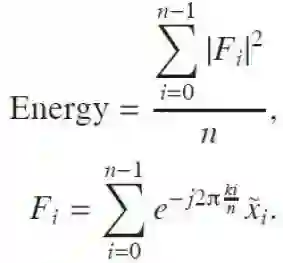 可以使用的数据以时间序列储存,分别为较短时间间隔的就餐、购物支出序列以及每日总支出序列。对于这三个序列,每一个都能得到以下七个特征:最小值,最大值,中位数,平均数,四分位距,标准差以及峰度。其次还能得到周末和工作日消费的比值。最后一项特征来自于FFT(快速傅里叶变换)。首先将长为n 的原数据[x1, x2, . . . , xn]减去平均值得到[ ˜x1, ˜x2, . . . ,˜xn],最后一项特征Energy 定义如下:
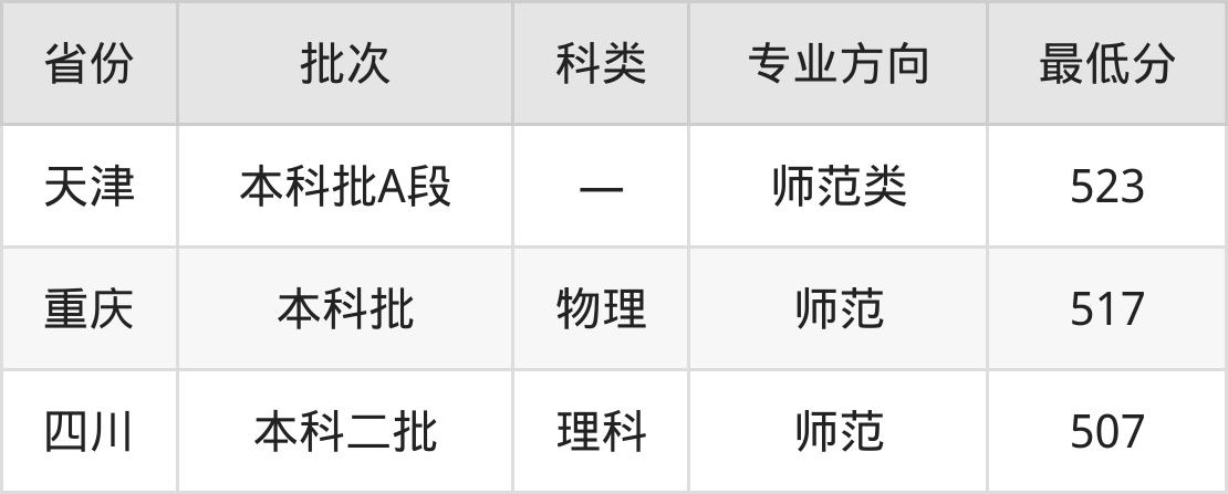 广西科技师范学院小学教育专业录取分数线从507分到523分不等,最低分数线如下:
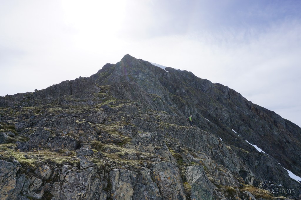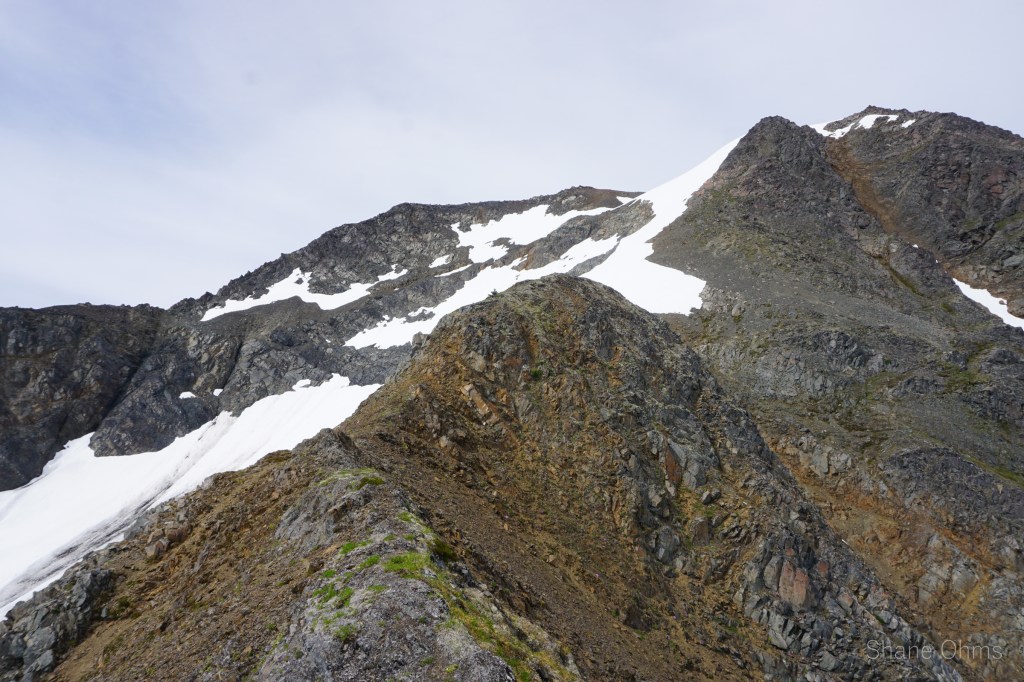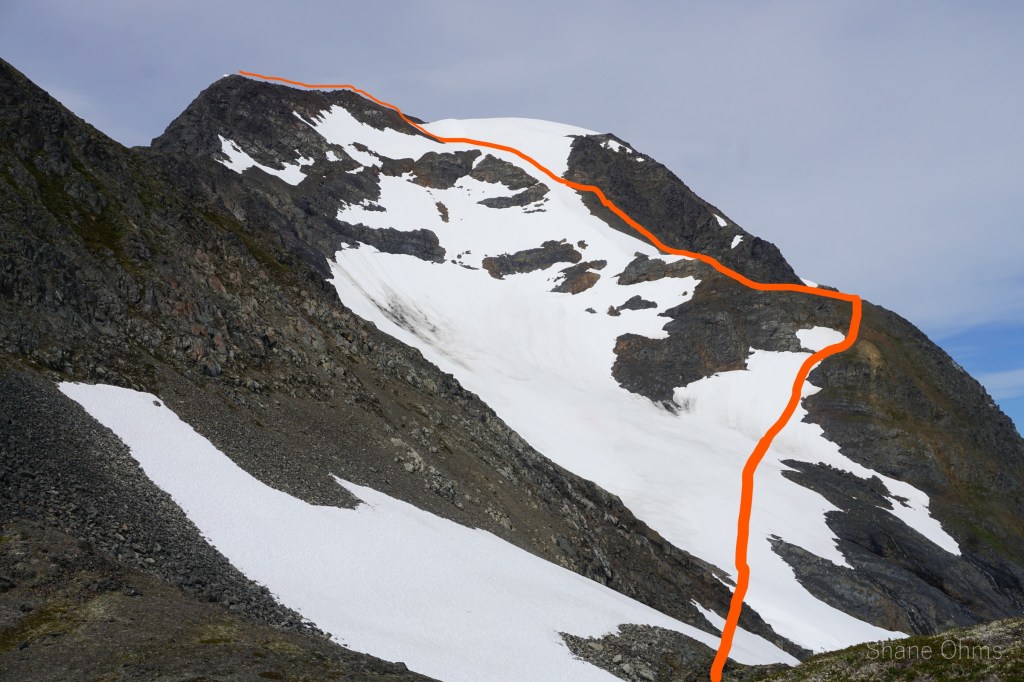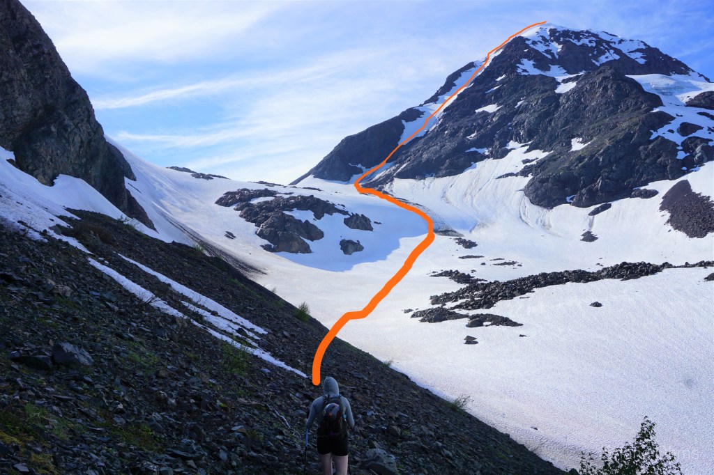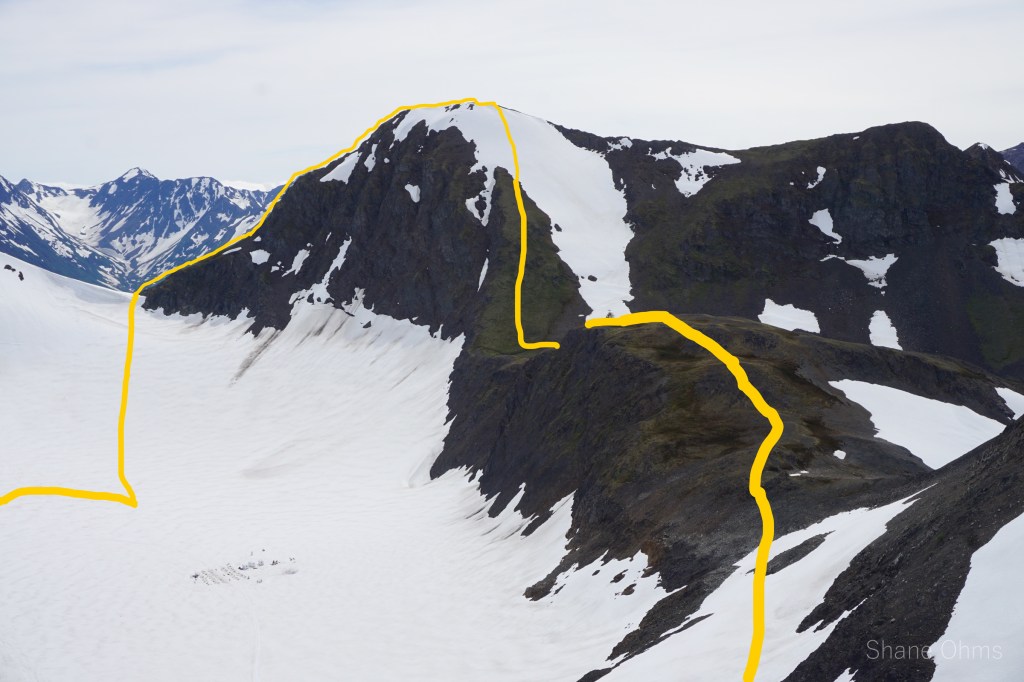 West of Girdwood, surrounding the Punchbowl Glacier, are a striking yet low elevation cluster of mountains I refer to as the Berry Peaks, each peak named after a different type of berry. Sophie and my’s objective was for the highest one, Highbush Peak, likely followed by Lowbush, then by Lingon if we still had energy for it. (And we would have energy for it). We invited our friend Gerrit Verbeek, but coincidentally he’d, just 3 days prior, climbed Nagoon and Lingon Peaks. Gerrit declined, but he produced to me via text a photo of Highbush Peak from his position on Lingon. This was important because we had originally planned on climbing Highbush via the standard route which involves dropping to the punchbowl glacier and ascending the southeast ridge… but his photo revealed a neeearly continuous snow line on the north face. Hmmmmmm, tempting. This photo gave us the confidence to probe the line out, and it proved to be a very wonderful line, making for a Berry Wonderful Loop.
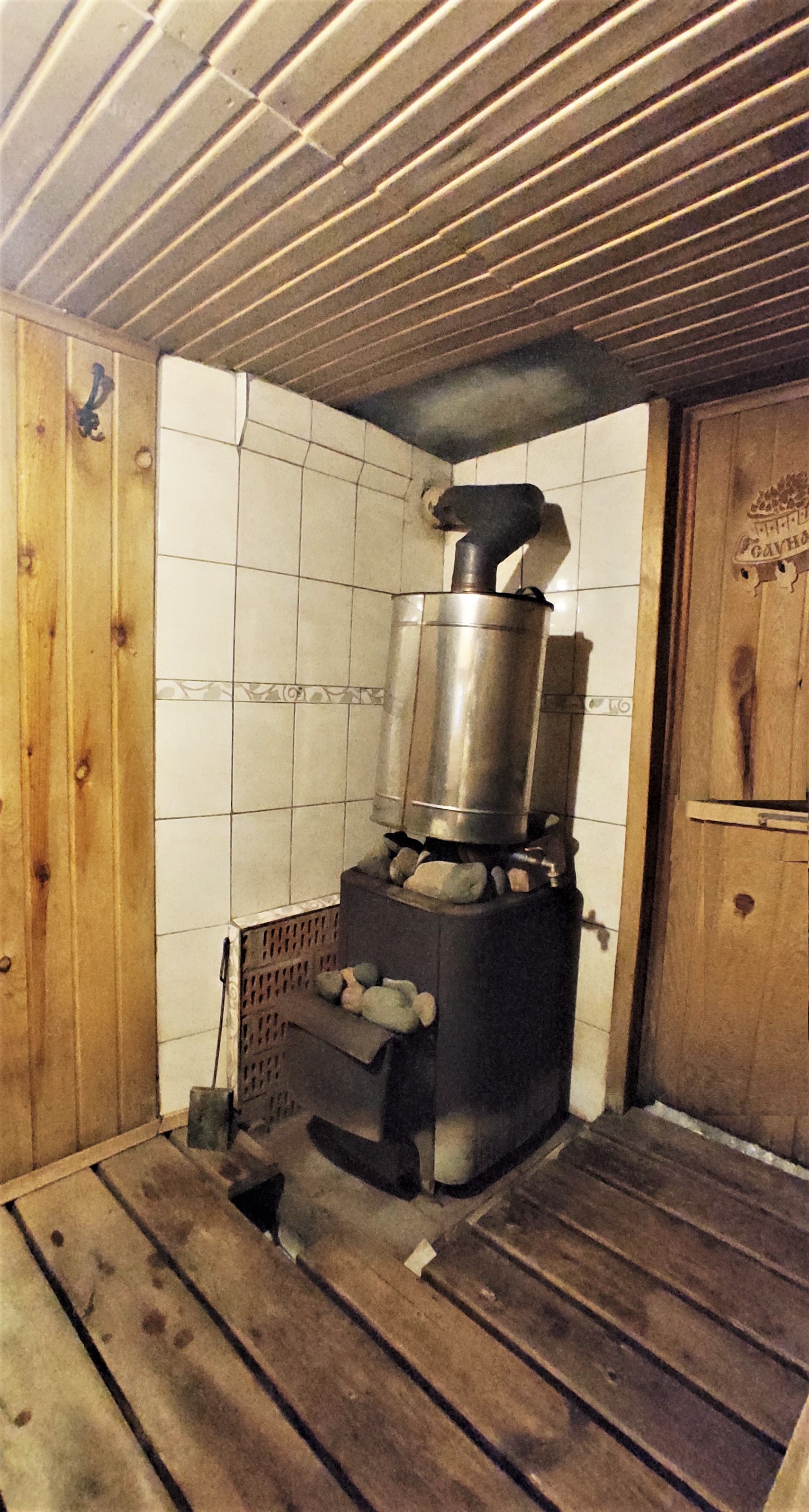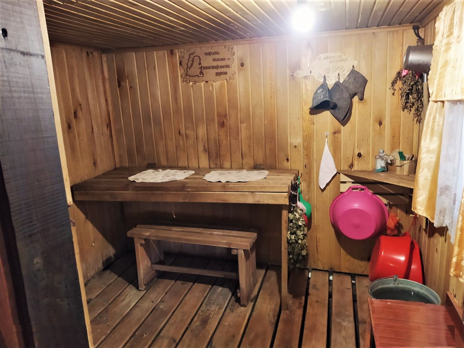Рядом с домом жаркая баня из бруса с верандой и зоной отдыха, обшита рейкой.
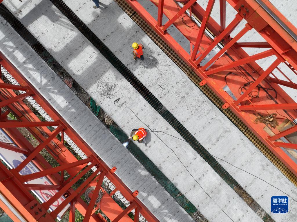 6月9日,工作人員對最后一片T形梁施工(無(wú)人機照片)。
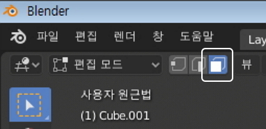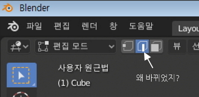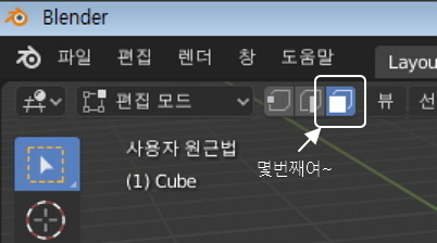 블렌더를 시작하면 큐브가 보이시지요?

--------------------

> Aim of the task: Working from the line containing "West of Girdwood, surrounding" to the last line of the data, retype every line exactly, both ends included, and leave out all pictures.

> Output for this task:
 West of Girdwood, surrounding the Punchbowl Glacier, are a striking yet low elevation cluster of mountains I refer to as the Berry Peaks, each peak named after a different type of berry. Sophie and my’s objective was for the highest one, Highbush Peak, likely followed by Lowbush, then by Lingon if we still had energy for it. (And we would have energy for it). We invited our friend Gerrit Verbeek, but coincidentally he’d, just 3 days prior, climbed Nagoon and Lingon Peaks. Gerrit declined, but he produced to me via text a photo of Highbush Peak from his position on Lingon. This was important because we had originally planned on climbing Highbush via the standard route which involves dropping to the punchbowl glacier and ascending the southeast ridge… but his photo revealed a neeearly continuous snow line on the north face. Hmmmmmm, tempting. This photo gave us the confidence to probe the line out, and it proved to be a very wonderful line, making for a Berry Wonderful Loop.
Рядом с домом жаркая баня из бруса с верандой и зоной отдыха, обшита рейкой.
 6月9日,工作人員對最后一片T形梁施工(無(wú)人機照片)。
 블렌더를 시작하면 큐브가 보이시지요?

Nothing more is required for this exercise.